__SOURCE MATERIAL__:
══════

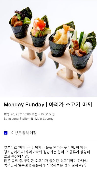 | 위워크삼성점 Monday Funday : 군침도는 밥도둑 명란게장밥! (0) | 2021.12.13 |
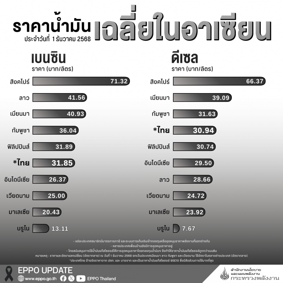 รายงานราคาน้ำมันเฉลี่ยในอาเซียน ประจำวันที่ 1 ธันวาคม 2568 โดยราคาขายน้ำมันแต่ละประเทศ มีปัจจัยทางด้านราคา ดังนี้
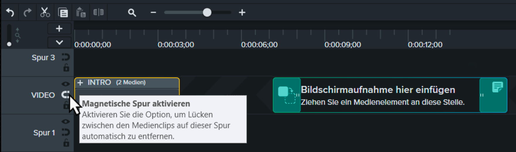 Magnetische Spuren: Durch Aktivieren der Funktion «Magnetische Spur» werden die einzelnen Clips auf einer Spur automatisch zusammengerückt, um Lücken in der Zeitachse zu schliessen und ein durchgehendes Video zu erstellen. Dank dieser Funktionalität lassen sich einzelne Sequenzen und Videoclips innerhalb der Spur leichter verschieben oder austauschen.
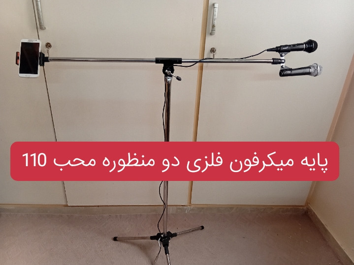 این پایه میکرفون تمام فلز است و تاشو میباشد و دو منظوره میباشد و هم قابلیت نصب گیره میکرفون دارد و نگهدارنده موبایل دارد

══════

__EXERCISE REQUIREMENTS__:
The answer must consist solely of the lines from the one with "รายงานราคาน้ำมันเฉลี่ยในอาเซียน ประจำวันที่ 1" through the final line of the data, each reproduced exactly and with pictures omitted.

__WRITTEN ANSWER__:
 รายงานราคาน้ำมันเฉลี่ยในอาเซียน ประจำวันที่ 1 ธันวาคม 2568 โดยราคาขายน้ำมันแต่ละประเทศ มีปัจจัยทางด้านราคา ดังนี้
 Magnetische Spuren: Durch Aktivieren der Funktion «Magnetische Spur» werden die einzelnen Clips auf einer Spur automatisch zusammengerückt, um Lücken in der Zeitachse zu schliessen und ein durchgehendes Video zu erstellen. Dank dieser Funktionalität lassen sich einzelne Sequenzen und Videoclips innerhalb der Spur leichter verschieben oder austauschen.
 این پایه میکرفون تمام فلز است و تاشو میباشد و دو منظوره میباشد و هم قابلیت نصب گیره میکرفون دارد و نگهدارنده موبایل دارد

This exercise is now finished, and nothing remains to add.